Introduction to Environmental Science is a course I 'inherited' -- it fulfills a major requirement (also a college-wide science requirement), and is taught every semester. As a first-year faculty member I wasn't looking for extra work, and so left the overall structure of the course intact. The course is explicitly divided into five topics: Biodiversity, Human Population Growth, Energy, Water Availability and Pollution, and Climate Change. We spent several weeks on each topic, including related lab activities, and then switched to the next topic. The Earth's Climate System is a course I developed with colleagues before starting this job, and it follows a more organic approach. We certainly cover different topics, but they are presented to students as a continuum of ideas and concepts that build on one another. In other words, we start with what was identified as the (or at least one) basic building block of climate science - the Earth's radiation budget - and build upon that to explore other things.
These two approaches seem to have affected students' understanding of complex systems in different but not unpredictable ways. The students in Intro. to E.S. demonstrated somewhat better mastery of each individual topic -- they were better prepared to answer exam questions about individual processes and specific information than their Climate peers. However, the students in the Climate course have (so far) excelled in answering questions that connect larger-scale processes and concepts together, while perhaps not doing quite as well with detailed questions about, say, Earth's radiation budget. As I stated, this is not unpredictable, but of course, student learning in the ideal course on complex systems would fall somewhere in the middle. So far, I have tried to split the difference by working with the Intro. to E.S. class to make explicit connections between topics, and by re-emphasizing specific facts and ideas several times throughout the Climate course.

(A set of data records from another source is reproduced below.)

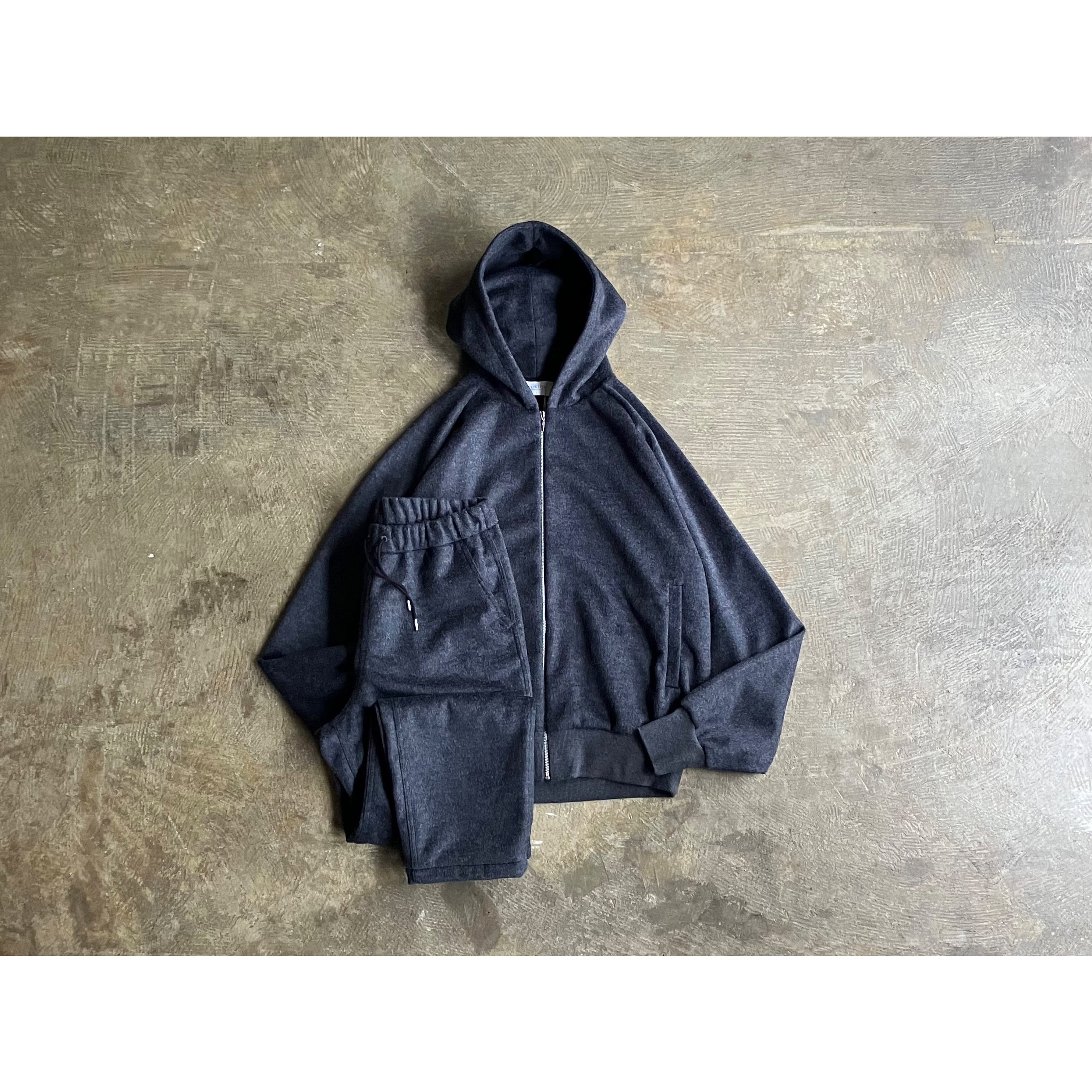 こちらのアイテムの単体使いでも良いですが、品番「FH01016」の同素材のフルジップパーカーもセレクトさせて頂いておりますので、セットアップでのコーディネートもお勧めです。
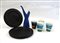 Lotto composto da un vaso portafiori, quattro tazze in ceramica e cinque piatti in metallo di Alessi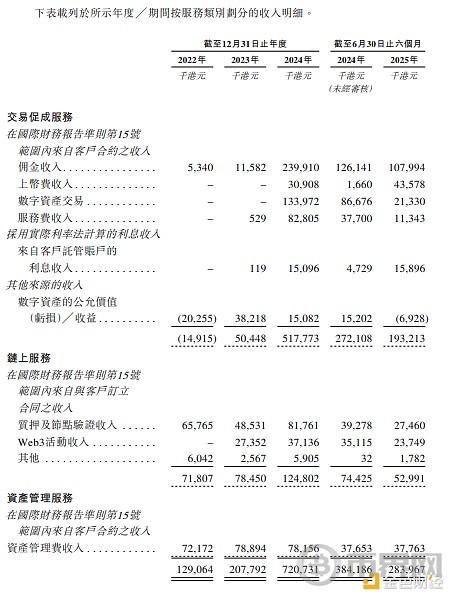 HashKey 的收入来源较为多样,包括:佣金收入、服务收入、上币费收入、数字资产交易、质押及节点验证收入、Web3活动收入、资产管理费收入、数字资产的公允价值收益、利息收入等。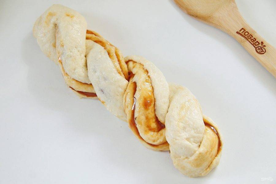Выпекайте при 180 градусах около 30 минут до румяности. Плетенки со сгущенным молоком готовы. Охладите их на решетке и подавайте к столу.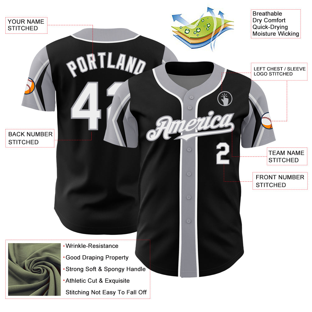 Custom Black White-Gray 3 Colors Arm Shapes Authentic Baseball Jersey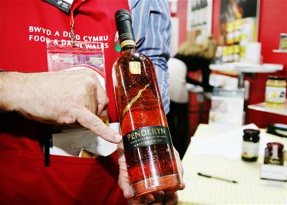 在威尔士展区,威尔士人拿出了一种极为“土豪”的PENDERYN黄金酒,拿着瓶子晃一晃,里面有许多金光闪闪的薄片。生怕你喝不惯,特别配了小瓶装外加一小瓶的果酱作为组合,整套售价1000元左右,虽然价格不菲,但是喝黄金这件事,想想也是醉了。“黄金能喝吗?”不少观众问。“当然,中国的《本草纲目》中就有记载,黄金打成金箔入药,有安神的疗效,有益身心啊。”展柜前的老外突然冒出一句流利的中文。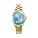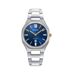 Reloj caja bitono de acero Ip dorado e Ip azul 20 Atm,brazalete de acero Ip dorado,movimento cuarzo

This problem is familiar to anyone who has designed a course, a major, or a curriculum. How do we balance breadth and depth? In this case, breadth refers not so much to the range of knowledge covered (although this might also be applicable), but to the understanding of a complex system, and perhaps also to the breadth of ways students might be able to apply that understanding. As I continue to teach these and other courses on complex systems, I hope to find an organizational style that encourages both a complete grasp of the necessary factual information and the ability to connect ideas from different topics together in a deep understanding of the system as a whole.